That sounds like something stupid that Lil Wayne would rap but I could be wrong


----------



## noah07 (Apr 17, 2011)

u are wrong......


----------



## KaotikJezta (Apr 17, 2011)

doh


----------



## kawasakirider (Apr 17, 2011)

kaotikjezta said:


> That sounds like something stupid that Lil Wayne would rap but I could be wrong


 
I can't imagine lil wayne rapping about an aussie footy player.

Is it something by hilltop hoods, bliss n esso or drapht?


----------



## noah07 (Apr 17, 2011)

triple j listeners should know this....


----------



## KaotikJezta (Apr 17, 2011)

kawasakirider said:


> I can't imagine lil wayne rapping about an aussie footy player.
> 
> Is it something by hilltop hoods, bliss n esso or drapht?


True, lol, shows how into football I am


----------



## noah07 (Apr 17, 2011)

close it is something by an aussie hip hope artist.


----------



## kawasakirider (Apr 17, 2011)

Lol.... trying to think. Is it by Brother Black? I can imagine that group singing about football players. I don't listen to them, though.


----------



## AshMan (Apr 17, 2011)

There should be a metal version of this thread  would be much easier for me lol


----------



## noah07 (Apr 17, 2011)

do u guys neend some clues?


----------



## KaotikJezta (Apr 17, 2011)

yep


----------



## noah07 (Apr 17, 2011)

ok name of the song starts with "w" name of the artist starts with "d" and they r both 1 word.

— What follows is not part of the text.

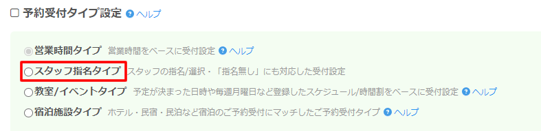 予約受付タイプ設定が表示されますので、「スタッフ指名タイプ」をクリックします。
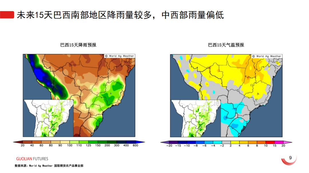 1、巴西大豆生产者协会:巴西大豆农户将面临大面积作物歉收。受干旱影响,Aprosoja Brasil预计本年度大豆产量为1.1-1.15亿吨。

ease up of my line and let me rhyme


----------



## KaotikJezta (Apr 17, 2011)

noah07 said:


> ok name of the song starts with "w" name of the artist starts with "d" and they r both 1 word.
> 
> ease up of my line and let me rhyme


This is a different song yeah, tha Alkaholiks


----------



## noah07 (Apr 17, 2011)

no its same song just more lyrics to the song


----------



## KaotikJezta (Apr 17, 2011)

That line is from tha alkoholiks song let it out

"So ease up off my line, and let me rhyme
I lose you like the jewelry that that bitch can't find
Call me E.T., but yo, it don't take a secret psychic
Cause even in the future I'ma frak it when I mic it"


----------



## hypochondroac (Apr 17, 2011)

Insane in the membrane.

Works on more than one level.


----------



## noah07 (Apr 17, 2011)

anyone??



hypochondroac said:


> Insane in the membrane.
> 
> Works on more than one level.


 
wrong......aussie hip hop artist song is played on triple j.


----------



## hypochondroac (Apr 17, 2011)

That wasn't a guess.


----------



## KaotikJezta (Apr 17, 2011)

hypochondroac said:


> That wasn't a guess.


Your song is Cypress Hill, Insane in the Brain


----------



## noah07 (Apr 17, 2011)

hypochondroac said:


> That wasn't a guess.


 
well wat was it then? u have to guess the song before u can add another otherwise there will be songs everywhere...


----------



## KaotikJezta (Apr 17, 2011)

I did guess the song but apparently the lyrics have been rehashed so I was wrong, lol


----------



## noah07 (Apr 17, 2011)

do u give up??


----------



## KaotikJezta (Apr 17, 2011)

yes


----------



## noah07 (Apr 17, 2011)

whut! - dialetrix

someone elses turn now.........


----------



## KaotikJezta (Apr 17, 2011)

even make construction workers start acting kinda feminine


----------



## noah07 (Apr 17, 2011)

hint?


----------



## KaotikJezta (Apr 17, 2011)

artist initials SR and BB song initials ST

No idea?


----------



## noah07 (Apr 17, 2011)

nope give us more of a hint......


----------



## KaotikJezta (Apr 17, 2011)

The main rapper was in jail for years for being an illegal immigrant, he was a Jamaican refugee. It is from the US.


----------



## noah07 (Apr 17, 2011)

is it a new song or old song.....im not into the us rappers r they very famous?


----------



## KaotikJezta (Apr 17, 2011)

Very underground, a few years old now, about 10 years. BB is pretty famous.


----------



## dylanthomas (Apr 17, 2011)

new one.... this is how we will dance with when they try to take us down.......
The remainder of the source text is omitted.